New England winters are hard on exterior wood. I’ve refinished enough decks, trim, and siding over the years to have strong opinions about how to do it right. Most of what I’ve seen go wrong came down to one of four things.
Clean it first. Everything else is pointless if you skip this. A pressure washer at low-to-medium pressure works well for decks and rough siding. For trim, a scrub brush and TSP substitute solution is usually sufficient. You’re trying to remove dirt, mildew, and the grey oxidized layer that forms on weathered wood. If you paint or seal over that layer, you’re sealing in a failure that will show itself in two years.
Let it dry completely. Wood needs to be genuinely dry before you apply any finish — not surface-dry, but dry through. In Vermont in the summer, that can mean waiting three or four days after cleaning. If you have a moisture meter, use it. For a deck, I want to see below fifteen percent moisture content before I put anything on it. Most people don’t wait long enough. Most failures I’ve seen trace back to this.
Sand between coats. Not aggressive sanding — just enough to knock down raised grain and give the next coat something to grip. Eighty grit for rough wood, one-twenty for smoother surfaces. This step gets skipped constantly. It matters more than most people think.
Watch the temperature window. This is the Vermont-specific issue. Most exterior finishes have minimum application temperatures — usually around fifty degrees Fahrenheit — and that includes overnight temperatures, not just the temperature when you’re applying.
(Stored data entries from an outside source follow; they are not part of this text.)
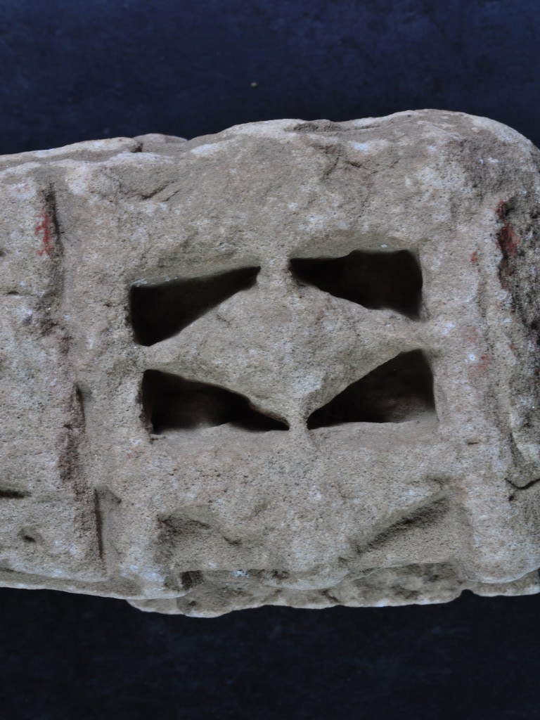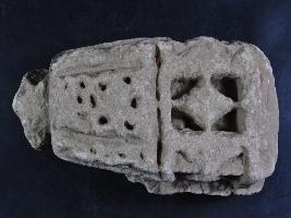 It s a Fragment of Architectural Member made of stone, Colour is brownish. It s pinned design, incise lines, flower design on it and temple shape. It s all sides are broken. Deposition of dust and dirt. Rubbing on the surface and flaking on it.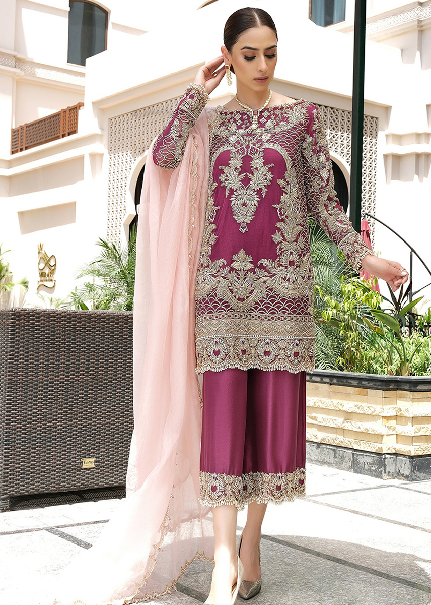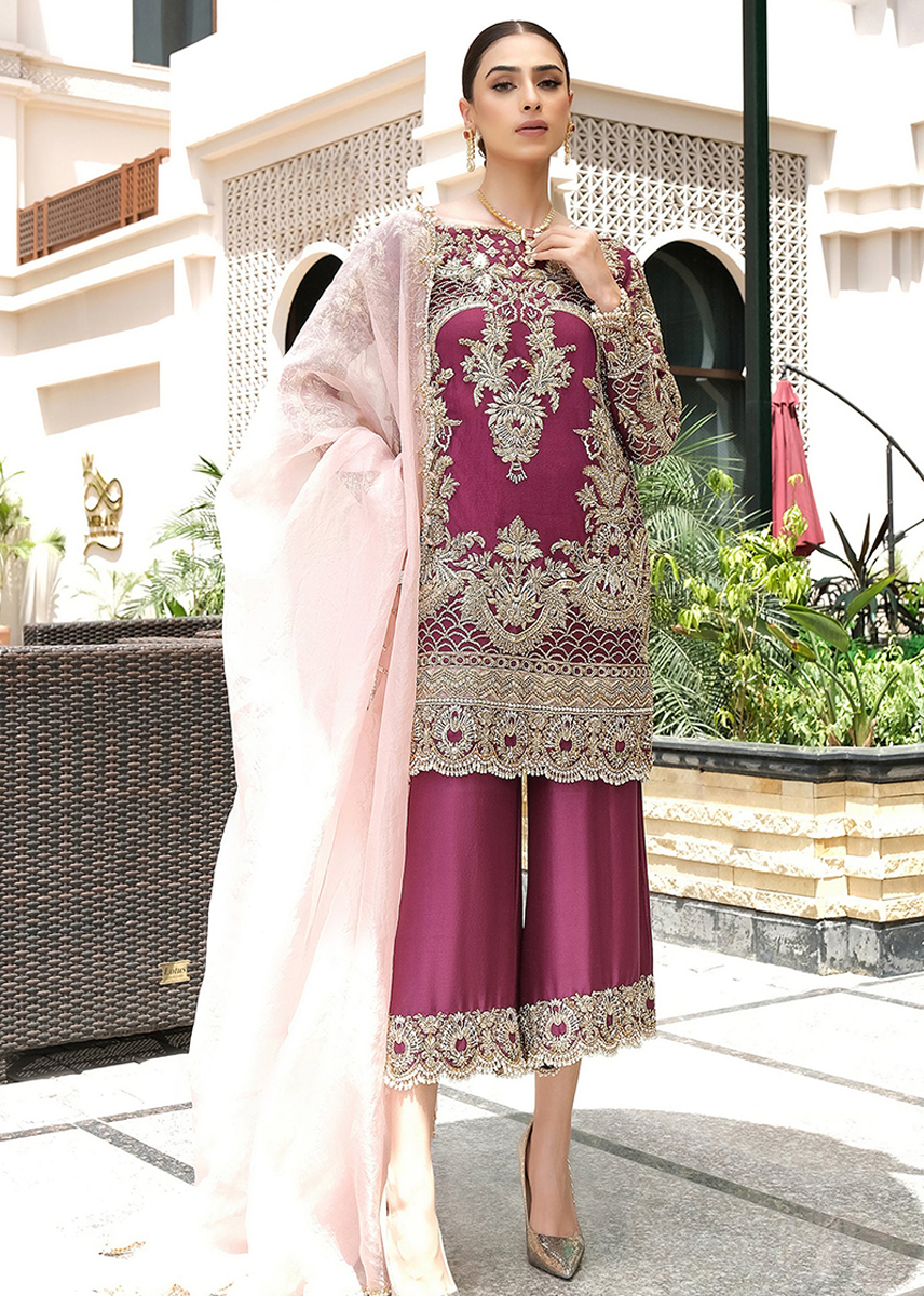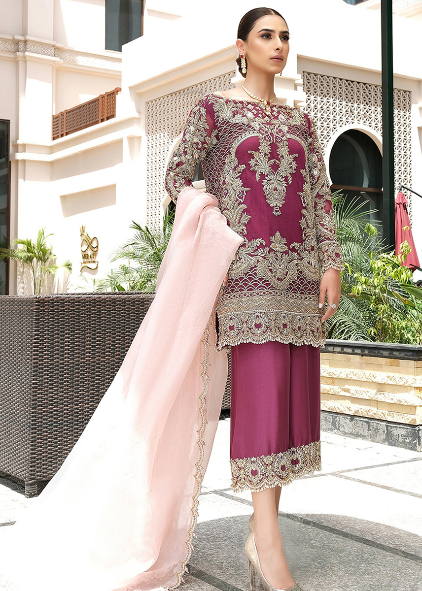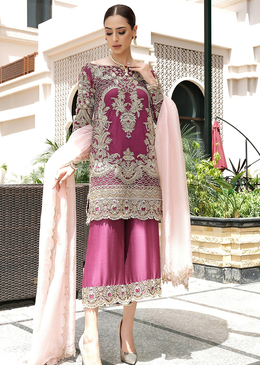 An ensemble that creates a picture of rich tradition and class, featuring vivid hues of red highlighted with intricate resham embellishments.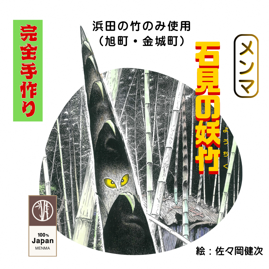 ほとんどが輸入品のメンマですが、国産(特に地元産)にこだわった手作り商品です。社会問題化してきている『放置竹林問題』に対応する取組みの一環として商品化しました。放置すると人を困らせる姿は「妖怪」のようで、パッケージは故・水木しげるさんの初代チーフアシスタントを務めた佐々岡健次さんにデザインして頂きました。
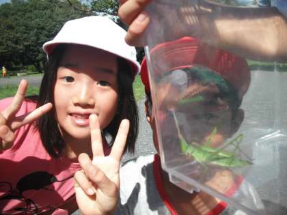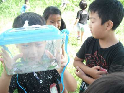 つかまえるのが怖い子と,積極的に取りに行く子と様々でした。でも,つかまえたあとはみんなかわいがってながめていました。
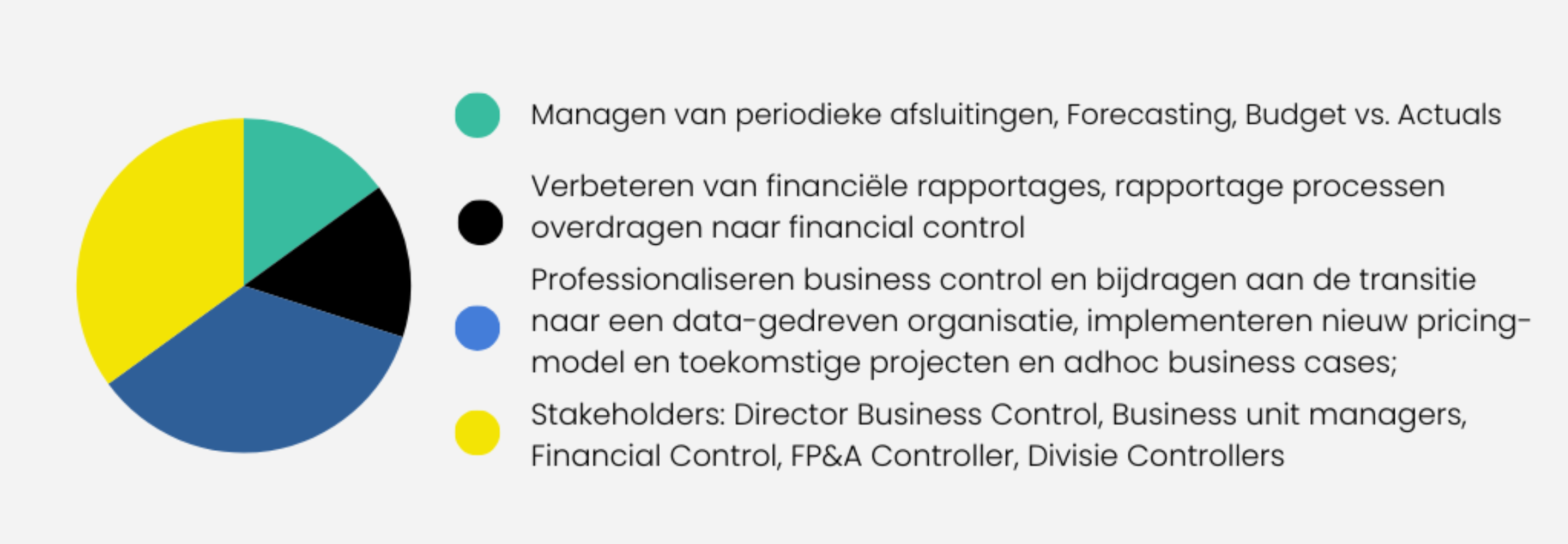 Je houdt je bezig met de analyse van cijfers in de maandafsluiting en het opstellen van forecasts, meerjarenplan en budget en zorgt dat business units tijdig inzicht hebben in hun prestaties. Finance is centraal georganiseerd en bedient alle business units vanuit één team, waardoor jij een belangrijke schakel bent tussen divisiecontroller en business. Je begeleidt business units actief, sluit bij grotere units aan bij het managementteam en neemt hen mee in het begrijpen en gebruiken van financiële informatie. In deze rol verschuift de focus geleidelijk van rapporteren naar waarde toevoegen. Circa dertig procent van je tijd besteed je aan forecasts en het analyseren van actuals versus budget. Je speelt een actieve rol in het overdragen van rapportages aan Financial Control en BI, zodat Business Control zich kan ontwikkelen tot een strategische partner binnen de organisatie.

Apply a finish when it’s going to drop to forty that night and you’ll get a poor cure. September is the right time for this work in New England. October is pushing it. If you’re thinking about it in November, wait until spring.
On product choice: I’ve used most of the name brands over the years. They’re not all equal, but the difference between a good product applied correctly and a mediocre product applied correctly is smaller than the difference between any product applied correctly and any product applied badly. Do the prep right. The finish is secondary.